MAB@CORNELLC.CCS.CORNELL.EDU (Mark Bodenstein) (03/22/88)

Network World, in their March 14 issue, published an article about GOSIP,
and the conversion from TCP/IP to ISO protocols.  In brief, they say that
ISO OSI is in the process of becoming a government standard, supplanting
TCP/IP, but that the conversion may take a very long time.  At the end of
the article, they give an analogy to the conversion from NCP to TCP, from
Kevin Ebel of DCA, and say, in effect, that the difference between the
two conversions is only one of scale.

Let's assume, for the purpose of non-argument, that the analogy is apt.
(I don't think it is.)  Does anyone know what the difference in scale is,
between these two conversions?   How many NCP hosts and routers/gateways/
imps were there at the time of conversion to TCP?  And how many TCP hosts
and routers/gateways/imps are there now and/or will there be two years
from now (assuming that to be the time of the beginning of the TCP->OSI
conversion)?

Mark Bodenstein    (mab@cornellc.ccs.cornell.edu)
Cornell University

swb@DEVVAX.TN.CORNELL.EDU (Scott Brim) (03/23/88)

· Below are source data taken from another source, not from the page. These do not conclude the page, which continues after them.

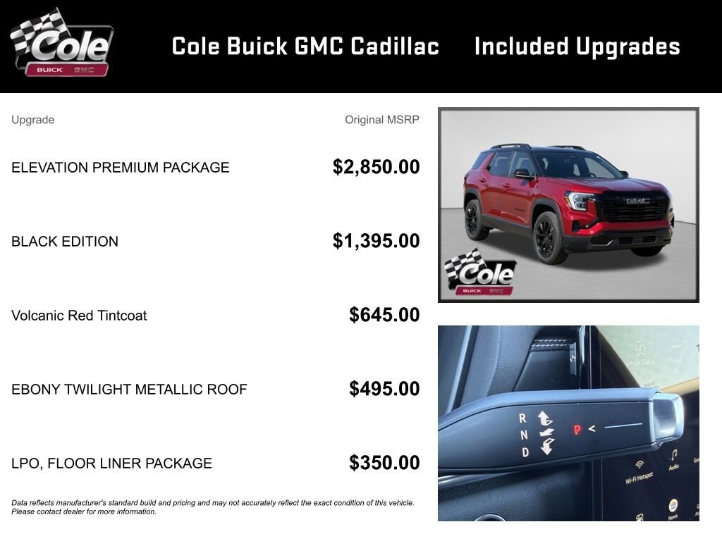 AWD, 2-Way Power Driver Lumbar Seat Adjuster, 3-Channel Programmable Universal Home Remote, 3.47 Final Drive Axle Ratio, 4-Wheel Disc Brakes, 6 Speakers, 6-Speaker Audio System Feature, 8-Way Power Driver Seat Adjuster, ABS brakes, Air Conditioning, All-Weather Cargo Mat, Alloy wheels, AM/FM radio: SiriusXM, Auto High-beam Headlights, Automatic temperature control, Autosense Hands-Free Programmable Power Liftgate, Black Edition, Black Exterior Accents and Black Exterior Badging, Black Mirror Caps, Brake assist, Brushed Aluminum Roof Rails, Bumpers: body-color, Cabin Humidity and Windshield Temperature Sensor, Compass, Convenience Package II, CoreTec Seat Trim, Darkened Grille and C Shaped Surrounding Bezel, Delay-off headlights, Driver 6-Way Manual Seat Adjuster, Driver and Front Passenger Heated Seats, Driver door bin, Driver vanity mirror, Dual front impact airbags, Dual front side impact airbags, Dual-Zone Automatic Climate Control, Ebony Twilight Metallic Roof, Ebony Twilight Mirror Caps, Electronic Stability Control, Elevation Premium Package, Emergency communication system: OnStar and GMC connected services capable, Floor Liner Package, Four wheel independent suspension, Front All-Weather Floor Liners, Front and Rear Black GMC Emblems, Front anti-roll bar, Front Bucket Seats, Front Center Armrest, Front Intermittent RainSense Wipers, Front Passenger 4-Way Manual Seat Adjuster, Front reading lights, Fully automatic headlights, Heated door mirrors, Heated front seats, Heated steering wheel, Heated Wiper Park, Illuminated entry, Low tire pressure warning, Navigation System, Occupant sensing airbag, Outside temperature display, Overhead airbag, Overhead Sunglass Storage, Panic alarm, Passenger door bin, Passenger vanity mirror, Power door mirrors, Power steering, Power windows, Preferred Equipment Group 3SB, Premium Cloth Seat Trim, Radio data system, Radio: Premium GMC Infotainment System, Rear air conditioning, Rear anti-roll bar, Rear seat center armrest, Rear window defroster, Rear window wiper, Remote keyless entry, Second Row All-Weather Mat, Security system, SiriusXM with 360L Trial Subscription, Speed control, Speed-sensing steering, Split folding rear seat, Spoiler, Sport steering wheel, Steering wheel mounted audio controls, Tachometer, Telescoping steering wheel, Tilt steering wheel, Traction control, Trip computer, Variably intermittent wipers, Wheels: 17 Grazen Metallic Machined Aluminum, Wheels: 19 Gloss Black Painted Aluminum, Wireless Apple CarPlay/Wireless Android Auto, Wireless Phone Charging For Portable Devices, AWD.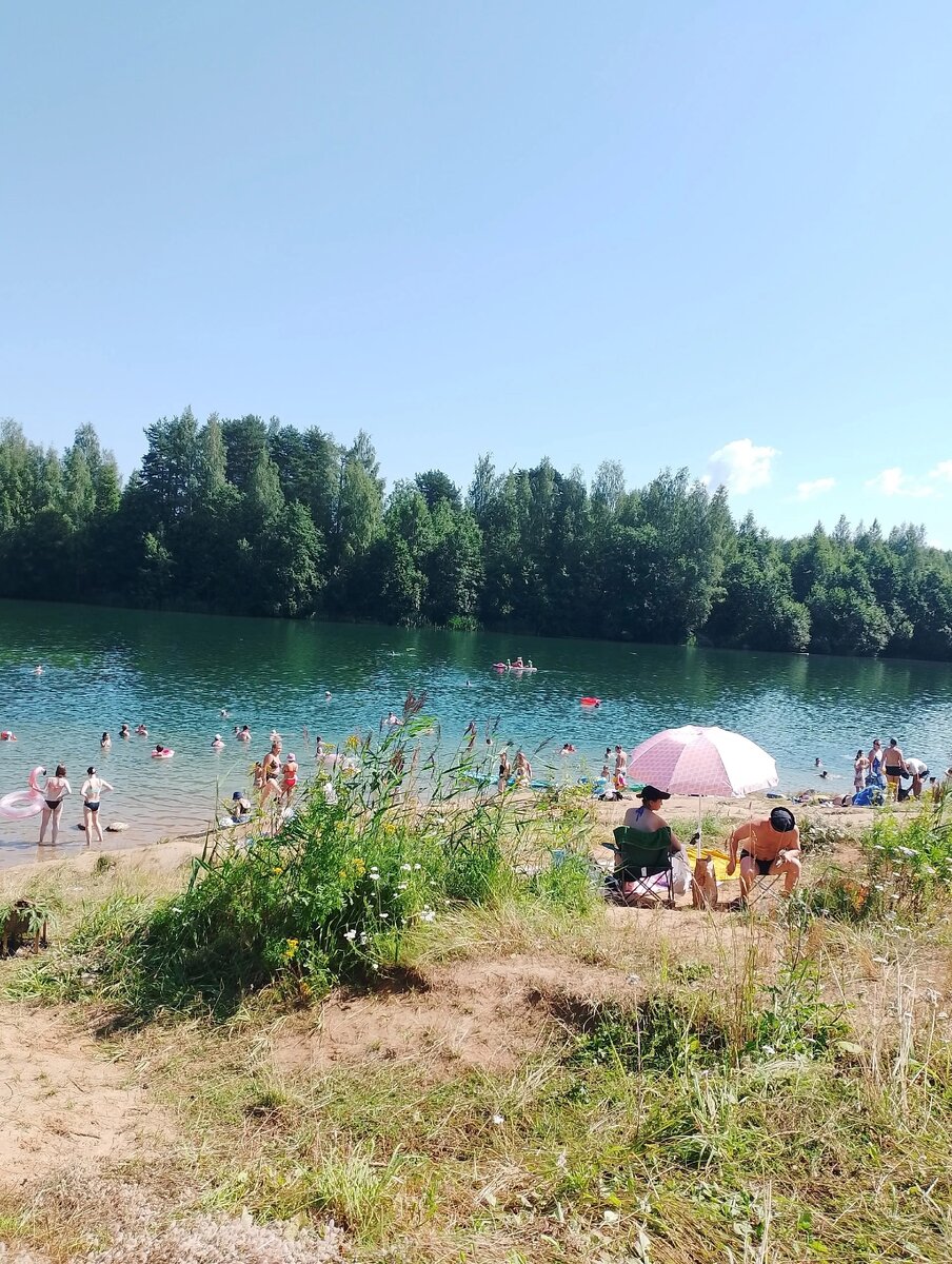Вот и у меня лето настало. Вчера первый раз муж отвёз меня на большой карьер. Маленький карьер от нас ближе, но туда на машине не доехать. А с моим коленом мне просто не дойти. Надо с утра выйти, чтобы к вечеру там быть. Поэтому повёз меня на машине. Что сказать. Сочи скромно курят в сторонке. Будний день, а машину приткнуть негде. Искали место. А представляете, что там делается на выходных? Оставили машину и через волейбольное поле пошли к воде. Народу! Детки, мамашки, компании с шашлыками, палатки, тенты, прокат сапов. Полный аншлаг. В выходные приезжают торговцы шашлыками, водой и другими напитками. Катают на катерах и ватрушках. Прокат сапа 700 руб. в час, и ещё очередь. Водичка тёплая, приятная. Я накупалась, как дитё, до посинения. Так что и у меня лето настало. Стали зреть огурцы. Вчера собрала 2 кг. И свёклу свою сварила. Меня что-то пробило на селёдку под шубой. Ну вот захотелось. А меня долго просить не надо. Всё отварила и сегодня сделала. Приедет сын с семьёй, а у меня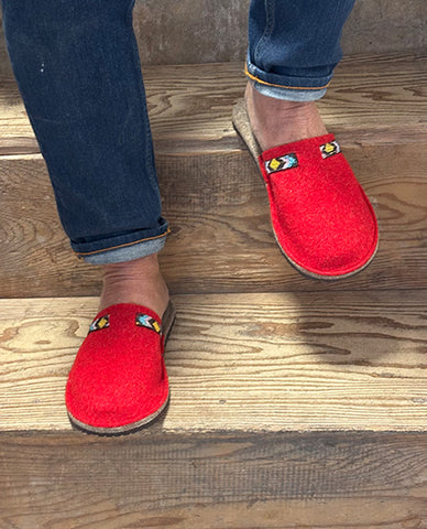 Matières et finitions Le dessus est confectionné dans un feutre de laine rouge éclatant, tandis que la semelle intérieure repose sur un feutre de laine brun épais pour un accueil douillet. Une bride tressée en coton de 15 mm vient souligner le coup de pied, ajoutant une finition fantaisie élégante et un maintien parfait.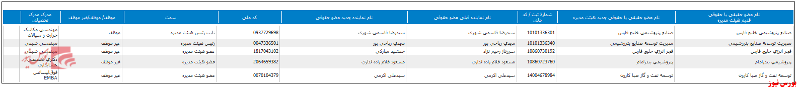 بر این اساس، این شرکت اعلام کرد، باستناد مصوبۀ مجمع عمومی عادی مورخ ۱۳۹۸/۱۲/۰۵ و جلسه هیئت مدیره مورخ ۱۴۰۰/۱۲/۰۴ اسامی اعضای هیئت مدیره و نمایندگان آنها تغییر کرده است.

You know, NCP is still alive and well in certain sheltered parts of
the world.

BILLW@MATHOM.CISCO.COM (William Westfield) (03/23/88)

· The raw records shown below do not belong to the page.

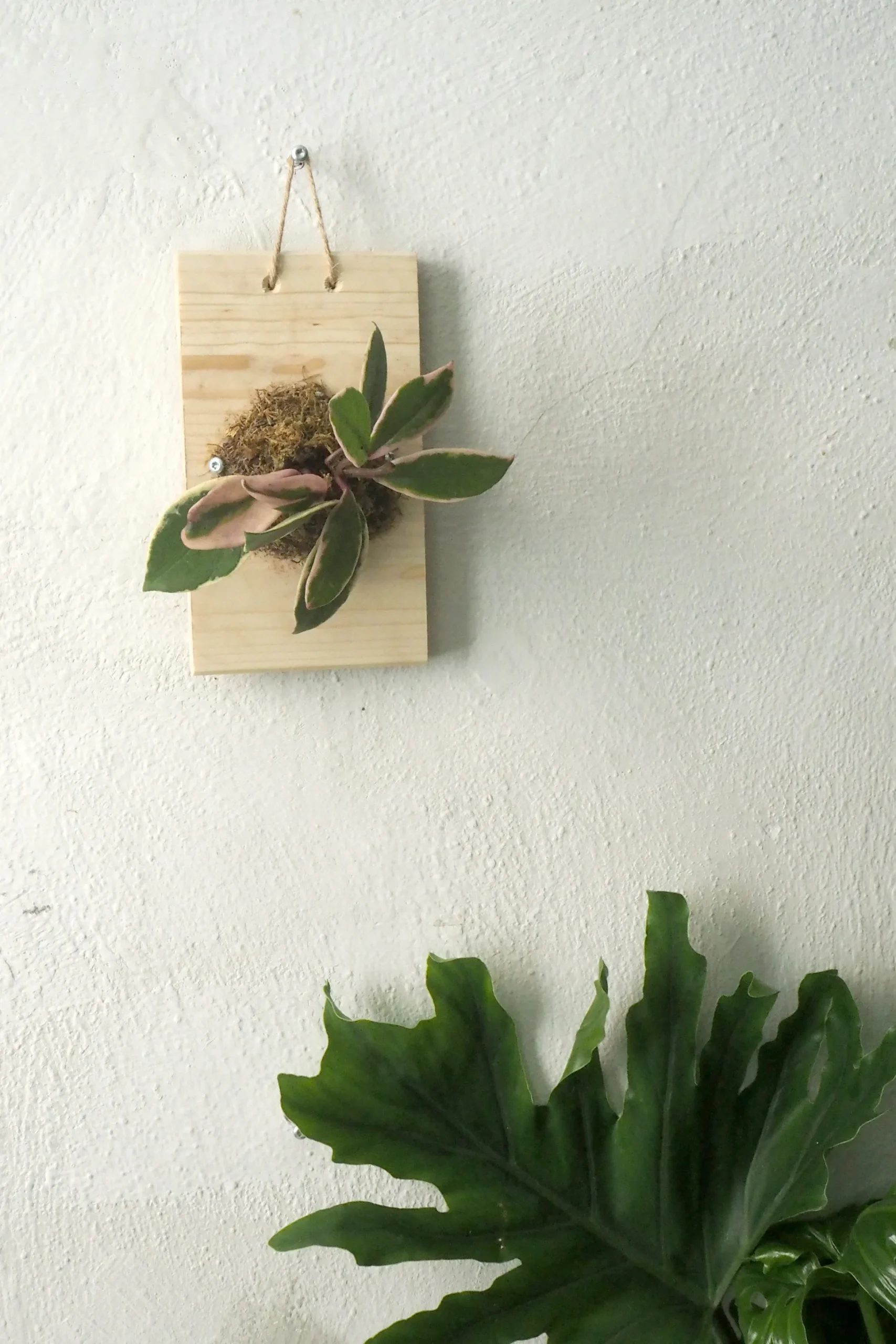 Et plantetrofæ med Hoya Pink flamingo – en elegant og levende vægdekoration, hvor den smukke, slyngende plante er monteret på en dekorativ plade.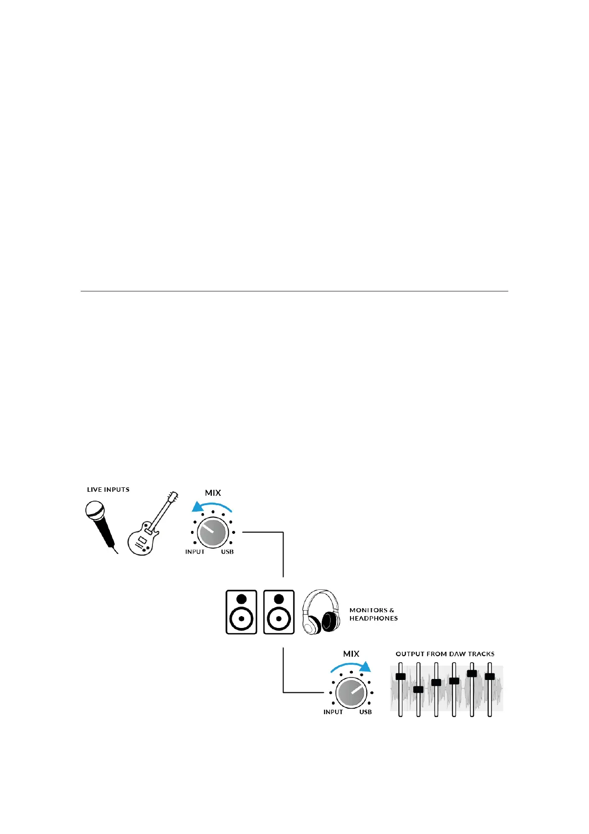 Use the MIX control to balance how much of your 'live' input you are hearing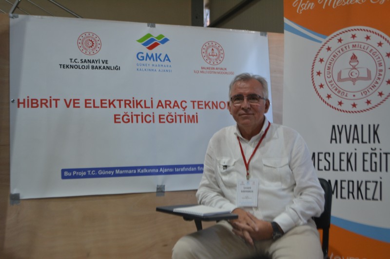 Aldıkları eğitimlerle ilgili açıklamalarda bulunan Ayvalık Mesleki Merkez Müdürü Levent Barbaros, mesleki eğitim dünyada teknolojik alanlarda olduğu gibi araçların da teknolojisi alanında büyük bir değişim ve gelişime uğradığını savunarak, "Üretim anlamında elektrikli araç teknolojisi adına büyük bir hamle içerisine girilmesinin sonucunda da teknolojideki bu değişim altyapıda ona hizmet veren nitelikli insan gücüne ihtiyaç hissettiriyor. Ayvalık'ta, İlçe Milli Eğitim Müdürlüğü'nün desteğiyle bölgemizdeki elektrikli araç teknolojisi alanında ihtiyaç duyulan nitelikli personelin yetiştirilmesi amacıyla elektrik elektronik teknolojisi ve motorlu araçlar teknolojileri öğretmeni arkadaşlarımızın eğitimini burada gerçekleştiriyoruz. Bu projemiz Sanayi ve Ticaret Bakanlığı'na bağlı olan Güney Marmara Kalkınma Ajansı teknik destek programında gerçekleştirmiş olup, ilçe milli eğitim müdürlüğümüz tarafından yazılımı sunulmuş olan projenin kabulü ile gerçekleşti. Bu proje kapsamında ilçemizde bulunan 10 teknik öğretmen arkadaşımız, hibrit ve elektrikli araçlar konusunda eğitim alıp bir eğitici eğitimi gerçekleştirmiş olacaklar. Amacımız; bundan sonraki aşamada öğretmen arkadaşlarımızla birlikte öğrencilerimizin ve sanayide hizmet veren sektörde hizmet veren iş sahiplerinin bu alanda bilgilendirip, bilgi ve becerilerinin artırılması olacak. Bu sayede hem bölgemizde hem ülkemizde ihtiyaç duyulan nitelikli eleman ihtiyacına da cevap vermeye çalışacağız" dedi.

    Does anyone know what the difference in scale is, between these
    two conversions?  How many NCP hosts and routers/gateways/ imps
    were there at the time of conversion to TCP?  And how many TCP
    hosts and routers/gateways/imps are there now and/or will there
    be two years from now (assuming that to be the time of the
    beginning of the TCP->OSI conversion)?

I still have an "I Survived the TCP Transition" button somewhere, so
Ill take a shot at this...

The conversion from NCP to TCP took place on 1-Jan-1983.  It was about
6 months after that that most hosts could communicate with each other.
As of the cut-over data, most vendor software wasn't quite ready...

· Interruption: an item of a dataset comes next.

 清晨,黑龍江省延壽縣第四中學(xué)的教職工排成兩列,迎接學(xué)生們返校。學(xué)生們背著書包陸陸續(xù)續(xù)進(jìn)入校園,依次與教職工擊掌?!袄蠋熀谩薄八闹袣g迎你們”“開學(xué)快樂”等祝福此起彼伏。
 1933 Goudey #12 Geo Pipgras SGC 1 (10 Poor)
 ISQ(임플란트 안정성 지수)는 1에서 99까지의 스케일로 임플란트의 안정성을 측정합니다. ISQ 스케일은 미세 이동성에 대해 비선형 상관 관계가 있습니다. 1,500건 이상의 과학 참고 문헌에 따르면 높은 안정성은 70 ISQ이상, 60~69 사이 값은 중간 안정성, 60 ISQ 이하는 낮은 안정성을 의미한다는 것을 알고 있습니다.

My March, 1982 Arpanet directory shows 96 imps, and about 300 hosts.
(And there were more DEC-20s than there were vaxen.)
NCP didn't incorporate ideas like "routers" or "internet".  There was
just the ARPAnet.  If you had a local area network, it was probably a
Xerox "experimental" 3Mb ethernet, and it probably spoke PUP protocols.

The current NIC host table has 854 Networks, 456 gateways (routers),
and 5719 hosts in it.  This, of course, does not include isolated
places that have set up IP networks without being assigned network
numbers by the NIC.  It probably does not include gateways that aren't
involved with talking to the arpanet.  It does not include subnet
gateways used within an autonomous system.  It does not include hosts
whose names are only obtainable only via the domain system.  I think
current estimates are that one new network is added to the Internet
every working day (eg 250/year).

Hopefully, there will be a several year period during which ISO
protocols and TCP/IP will co-exist, and eventually, one of them will
become unused.

Bill Westfield
cisco Systems.
-------

CERF@A.ISI.EDU (03/23/88)

I can't give firm numbers but there were on the order of 20-25 different
operating system implementations of NCP and somewhat fewer for TCP at the
time the conversion was done - some hosts never made the change and were
simply retired (good excuse...).

The NCP/TCP and TCP/ISO analogies are not exact. For one thing, NCPwas
never a commercial product. TCP is. For another, only ARPANET hosts did NCP because
that was NOT an internet protocol, so a single administration could insist on
the conversion and was even able to turn off NCP capability within the 
subnet as a forcing function. This is not possible for TCP/ISO except perhaps
at the gateways (and maybe for the subnets if packet types for ISO IP and DoD IP
are distinct, as I suppose they are likely to be).

There must be literally tens of thousands of TCP/IP hosts by now compared to
at most a couple of hundred NCP hosts in Jan 83. 

Somehow I think the analogy is not very apt.

Vint

LYNCH@A.ISI.EDU (Dan Lynch) (03/23/88)

Scott,  You missed the chance to say "NCP is still alive in a well..."

Yes, NCP is still running in some classified environments where once you
get something to run that you (somehow) trust, you leave it alone.

As for the larger issue raised by Mark,  moving from NCP tp TCP/IP
was a large task, but it was ameliorated by the relatively small number
of hosts affected.  In those days there were probably only a thousand
hosts and ten system types to deal with.  It took a good amount of
coordination to get those hosts to all bring their software "forward"
to permit testing before we threw the switch on jan 1, 1983.  
When we go to make the change to OSI there will be a few million hosts
on hundreds of system types out there and there will be no "authority"
to tell everyone to switch.  So, Mark, you are quite right to be "worried"
that a conversion might take longer, be harder, etc.